**RECORDS TO USE**.
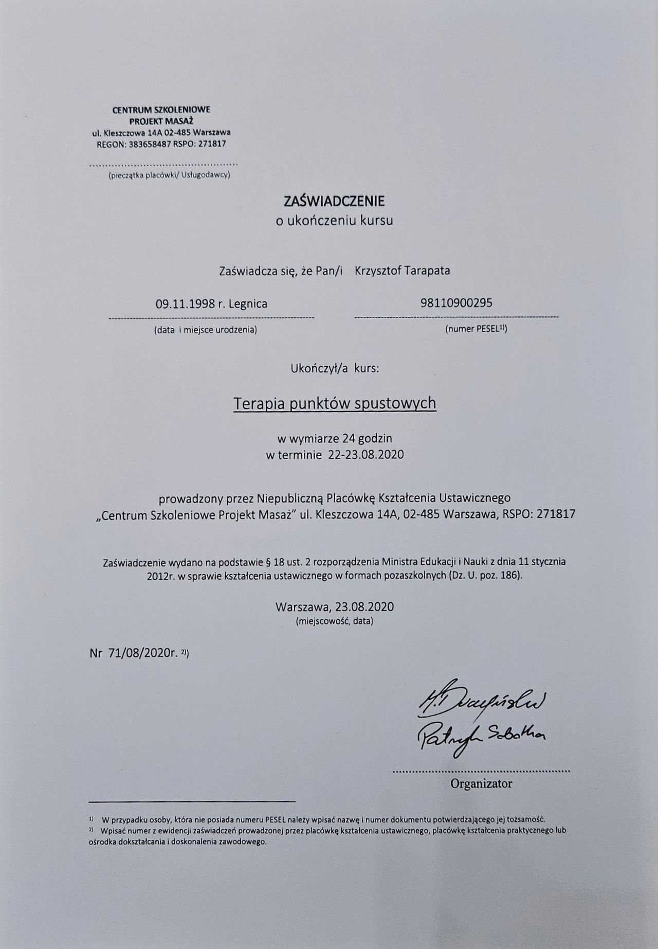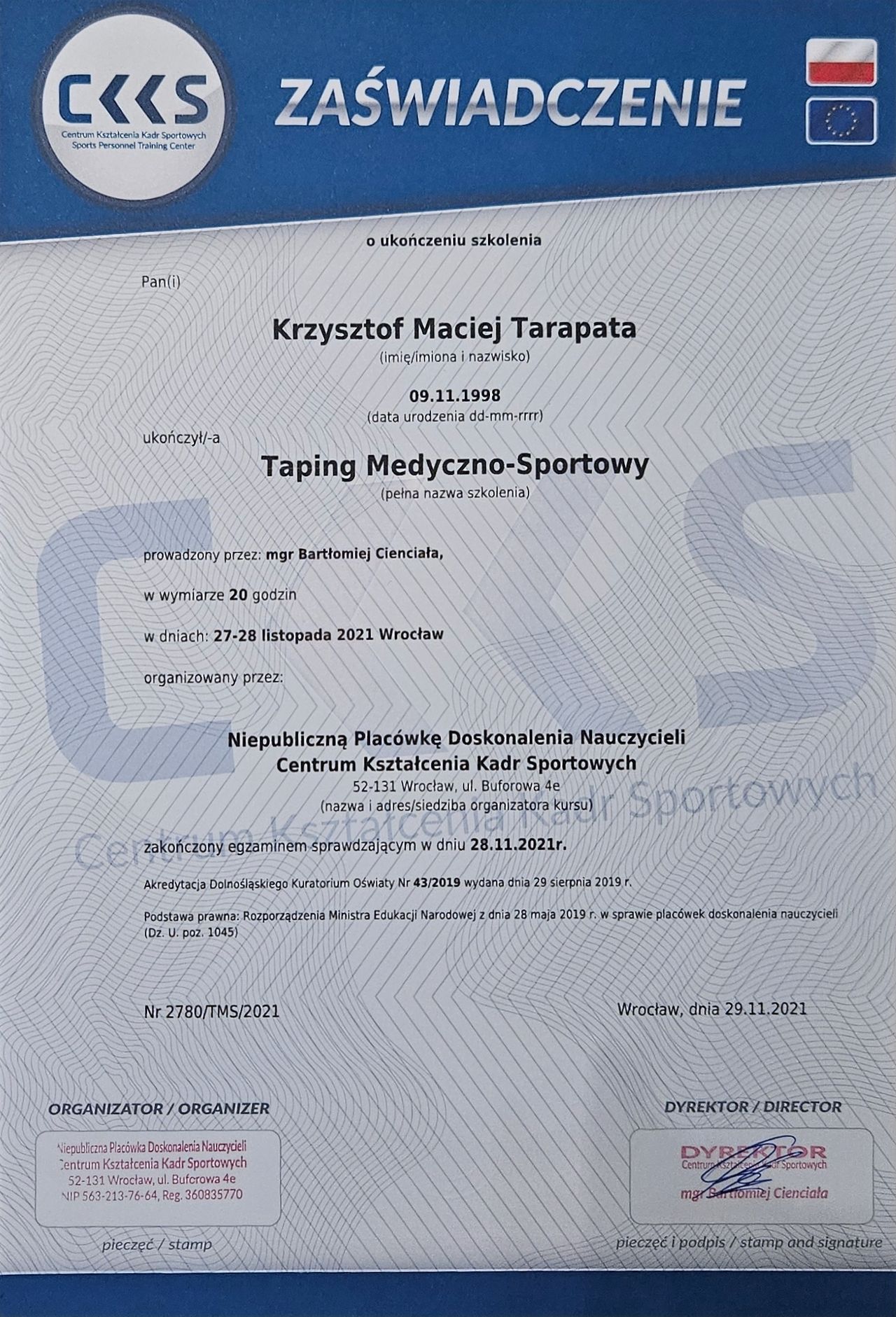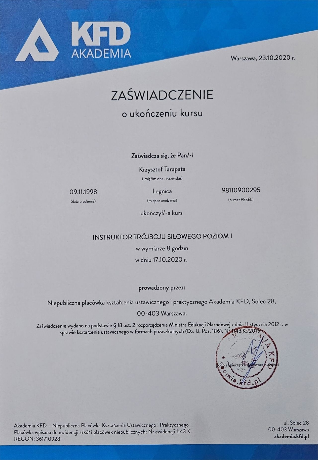 Ukończone szkolenia na trenera personalnego z akredytacją EREPS oraz instruktora trójboju siłowego pozwalają mi indywidualizować programy treningowe. Praktyczne doświadczenie treningowe i trenerskie, w połączeniu z odpowiednią wiedzą, umożliwia mi prowadzenie rehabilitacji po urazach ortopedycznych, przygotowań przedoperacyjnych, zapobiegania kontuzjom oraz optymalizacji wyników sportowych.
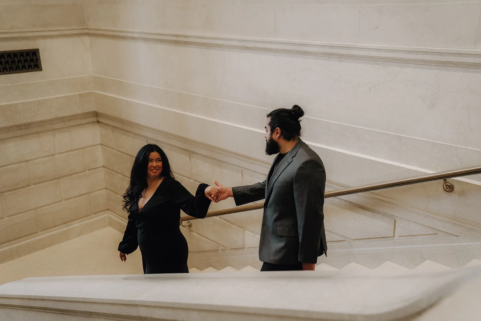 We kindly request creative black tie attire for our wedding. Gentlemen are asked to wear tuxedos, while ladies are encouraged to choose an evening gown or formal cocktail dress. We invite guests to wear jewel tones such as sapphire or amethyst to complement the evening’s ambiance. Please avoid wearing white, emerald green, burgundy, or gray, as these colors are reserved for the wedding party. Thank you for your understanding.
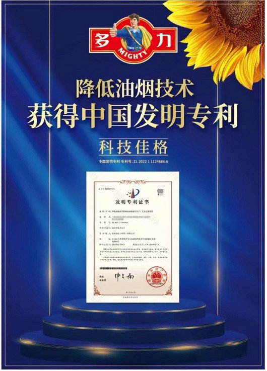 基于長期主義沉淀的堅實研發力,造就了多力的品牌實力。多力獨創的“充氮保鮮”和“七重精煉”工藝技術,讓食用油保留更多營養元素的同時,去除雜質和有害物質。此外,為了解決廚房油煙的難題,多力不斷加碼研發,獨創出“降低精煉食用植物油油煙量的生產工藝及過渡裝置”,榮獲中國發明專利是行業首個降低油煙量發明專利,填補了國內食用油行業相關技術的空白。
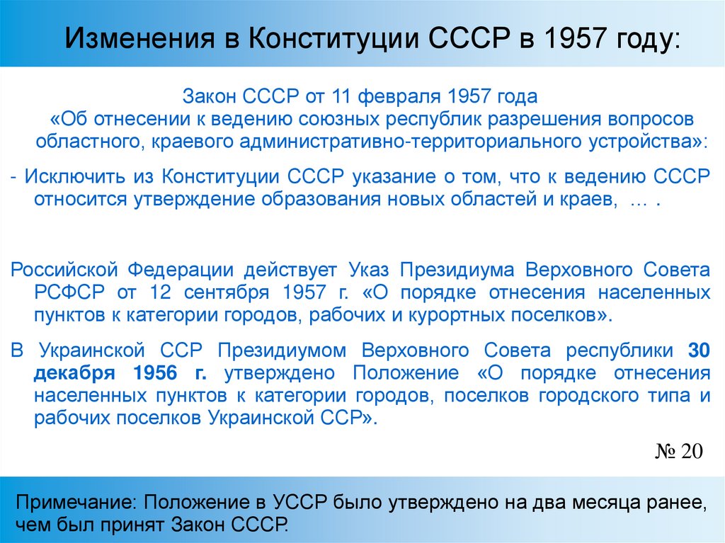 Изменения в Конституции СССР в 1957 году:Закон СССР от 11 февраля 1957 года
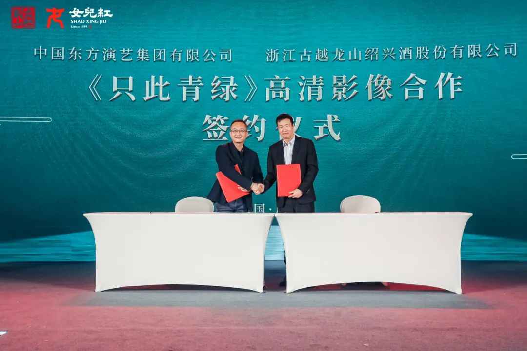 一年之后的成都,古越龙山股份公司总经理徐东良与中国东方演艺集团特派代表孙建铭共同签约,共同推出“只此青绿”高清影像,古越龙山也成为该高清影像的全球首席合作伙伴。从此,喜爱“只此青绿”舞蹈诗剧的观众,可以通过高清影像来观看这一网红舞蹈诗剧。

**DIRECTIONS FOR THIS TASK**. Pictures in the listing above must be skipped; everything else should be copied exactly.

**RESPONSE**.
 Ukończone szkolenia na trenera personalnego z akredytacją EREPS oraz instruktora trójboju siłowego pozwalają mi indywidualizować programy treningowe. Praktyczne doświadczenie treningowe i trenerskie, w połączeniu z odpowiednią wiedzą, umożliwia mi prowadzenie rehabilitacji po urazach ortopedycznych, przygotowań przedoperacyjnych, zapobiegania kontuzjom oraz optymalizacji wyników sportowych.
 We kindly request creative black tie attire for our wedding. Gentlemen are asked to wear tuxedos, while ladies are encouraged to choose an evening gown or formal cocktail dress. We invite guests to wear jewel tones such as sapphire or amethyst to complement the evening’s ambiance. Please avoid wearing white, emerald green, burgundy, or gray, as these colors are reserved for the wedding party. Thank you for your understanding.
 基于長期主義沉淀的堅實研發力,造就了多力的品牌實力。多力獨創的“充氮保鮮”和“七重精煉”工藝技術,讓食用油保留更多營養元素的同時,去除雜質和有害物質。此外,為了解決廚房油煙的難題,多力不斷加碼研發,獨創出“降低精煉食用植物油油煙量的生產工藝及過渡裝置”,榮獲中國發明專利是行業首個降低油煙量發明專利,填補了國內食用油行業相關技術的空白。
 Изменения в Конституции СССР в 1957 году:Закон СССР от 11 февраля 1957 года
 一年之后的成都,古越龙山股份公司总经理徐东良与中国东方演艺集团特派代表孙建铭共同签约,共同推出“只此青绿”高清影像,古越龙山也成为该高清影像的全球首席合作伙伴。从此,喜爱“只此青绿”舞蹈诗剧的观众,可以通过高清影像来观看这一网红舞蹈诗剧。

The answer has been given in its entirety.